Tuesday, October 18, 2011

Exposing EV to phonics

I started exposing EV to what I had learnt at Jolly Phonics to help increase her awareness of letter sounds, and the way I did it was to include the Finger Phonics Books (complete set contains seven books) as one of her bedtime story books. I first started on the first group of letter sounds – s, a, t, i, p, n. Beginning slowly, I gradually introduced the six letter sounds in book 1 to her, as well as words associated with them, like ant, apple, snake and so on. Because this range of books was full of pictures, I also used it for a 'treasure hunt' game. I would name an item and ask her where it is. To help her, I would sometimes draw finger circles in the air around the item to draw her attention to it, or discreetly point to them. I would also use directional words like 'next to', 'under', 'above' to help her and expose her to such words at the same time. Gradually, she knew more words and could easily point out the items. I've also started showing book 2 to her.  Using letters from these two books, simple three-letter words can be made, like cat, hat, pen etc.

Though she did not seem to respond at first, after a while, she could identify the sound for 'T'. Outside, when I see things that she is familiar with, like c-a-t, I would break the word into their respective sounds, as a way to help her understand that words are made up of letters and their sounds. I would also sometimes write down the words and break them up to highlight the written word and its sounds to her. It may seem early to introduce phonics to EV, but my purpose is not for her to immediately know the phonics or know how to use phonics to blend words together. Rather, my aim is to expose her to it and to increase her phonemic awareness of letters and their sounds.
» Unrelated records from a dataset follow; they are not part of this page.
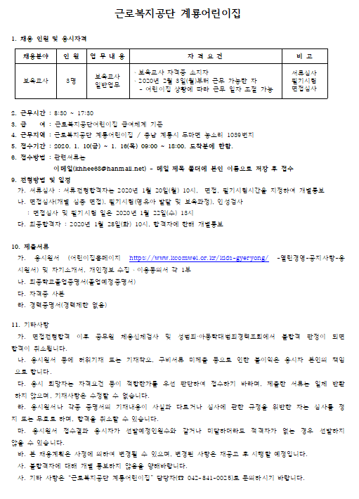 『 근로복지공단 계룡어린이집 채용공고 』글의 상세내용을 확인하는 표로 제목, 부서명, 등록일, 조회, 첨부, 내용으로 나뉘어 설명합니다.
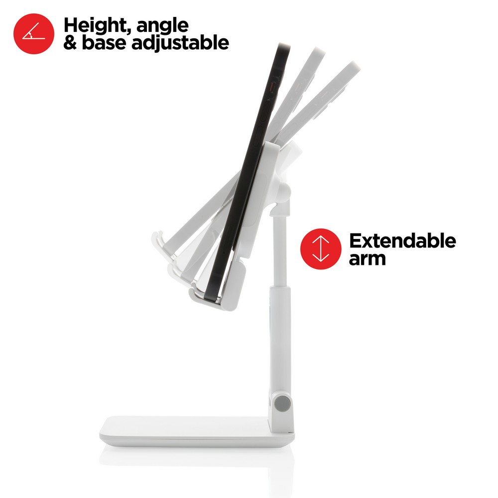 Stojak na telefon, tablet, wykonany z ABS, regulowana wysokość, silikonowy element chroniący przed zarysowaniem w którym można umieścić ładowarkę Magsafe, ciężka podstawa i silikonowe paski zapewniają stabilność, ślad węglowy produktu: 1,03 kg CO2
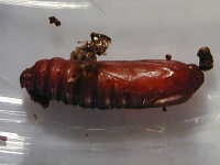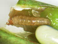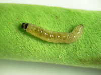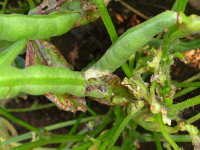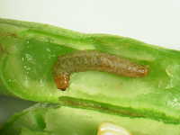 | 発生時期:10月 被害:幼虫が食害しながら葉を綴る。また、いくつかの莢を綴りながら莢や内部の子実を食害する。 |
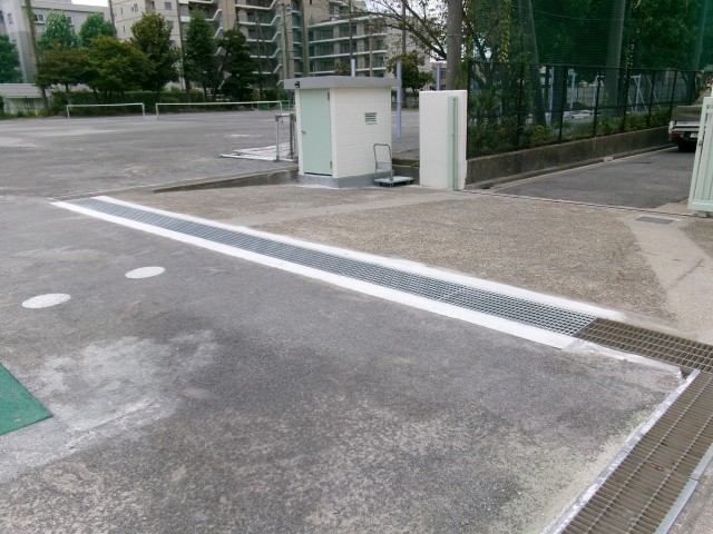 経年劣化で、側溝付近のコンクリートにひびが入り、登下校の際に生徒がつまずいてしまう心配がありました。
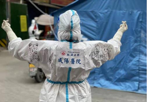 “圣保羅曾說‘這個世界上有三樣?xùn)|西對人類是最重要的——信、望、愛’。我們被稱作白衣天使,向群眾傳遞抗疫必勝的信念,讓她們看到勝利的曙光,感受到醫(yī)務(wù)人員的仁愛之心,這與核酸采集工作同樣重要。因?yàn)椴杉蝿?wù)較重,且有口罩和面屏的遮擋,語言交流不是很順暢,我們便選擇了在防護(hù)服上涂鴉?!辈蓸雨?duì)組長劉曦這樣解釋。
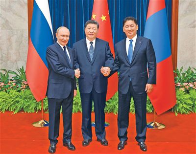 九月二日上午,國家主席習(xí)近平同俄羅斯總統(tǒng)普京、蒙古國總統(tǒng)呼日勒蘇赫在北京人民大會堂舉行中俄蒙三國元首第七次會晤。
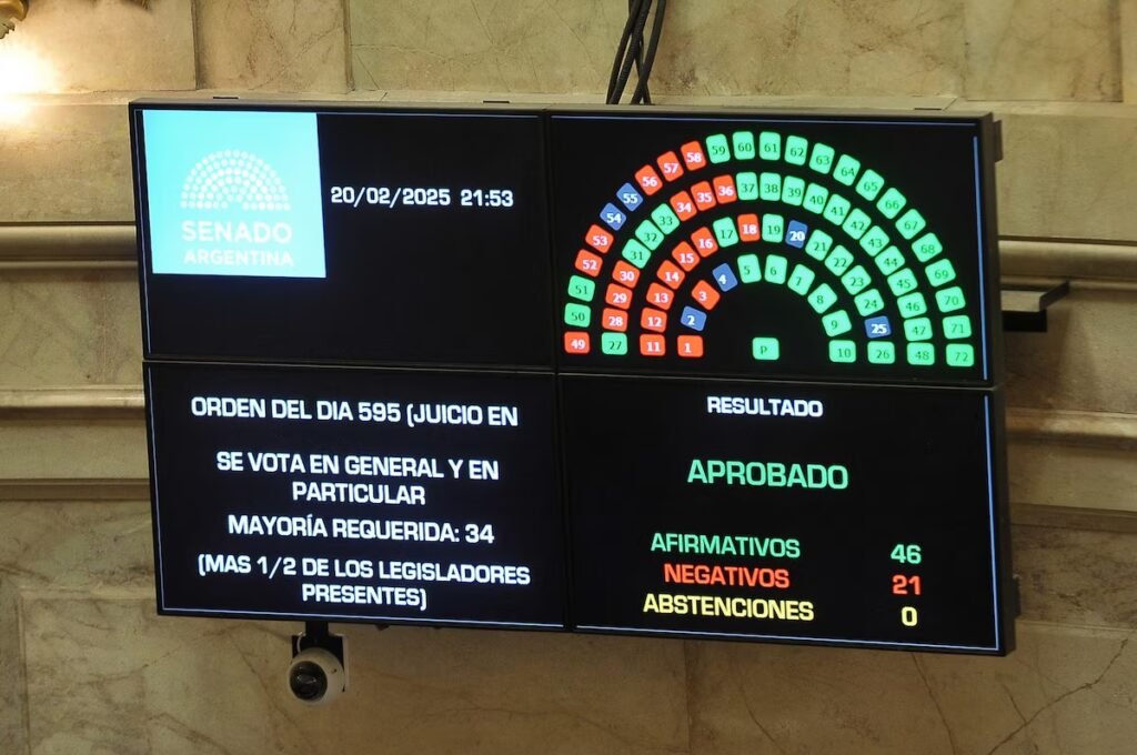 El pleno del Senado sancionó la ley que activa la implementación del juicio en ausencia y el Gobierno logró una nueva victoria dentro de las sesiones extraordinarias, que finalizan mañana. La iniciativa obtuvo, durante la noche de este jueves, 45 votos del oficialismo y la oposición dialoguista, mientras que el kirchnerismo volvió a fracturarse, entre un par de adhesiones y muchos rechazos.
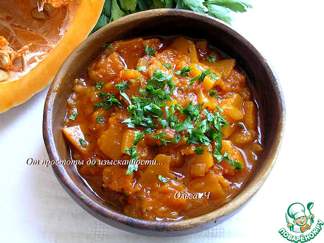 Тыкву подавать тёплой с томатным соусом, посыпав зеленью, с чёрным хлебом. Хороша с белым вином и как гарнир к мясу. Приятного аппетита!
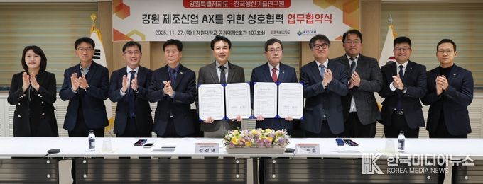 [ 한국미디어뉴스 이원영 기자 ] 강원특별자치도는 11월 27일 오후 3시, 강원 제조산업의 AX(AI Transformation, 인공지능 전환)를 위한 상호 협력을 강화하기 위해 한국생산기술연구원(원장 이상목)과 업무협약(MOU)을 체결했다.
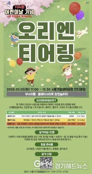 경기헤드뉴스 임채헌 기자 | 시흥시는 제104회 어린이날을 맞아 5월 5일 갯골생태공원 잔디광장에서 아동과 가족이 함께 즐길 수 있는 ‘5월 플레이스타트 팝업놀이터’를 운영한다. 이번 행사는 시흥시 어린이날 기념행사의 하나로 마련돼 행사장을 찾은 가족들에게 다채로운 프로그램으로 즐거움을 선사할 예정이다.

The Finger Phonics books also had raised letters for finger tracing. EV is still too young to trace the letters correctly. Again, I exposed her to it by showing her how the letter is traced, guide her to do it, then letting her do it on her own. Obviously, she can't follow it and her finger goes in all directions except the correct one. But I let her be, so that it becomes more of a fun game for her. She enjoys it and often reaches her finger to the raised letters, which shows me that she is enthusiastic about it, rather than put off by it.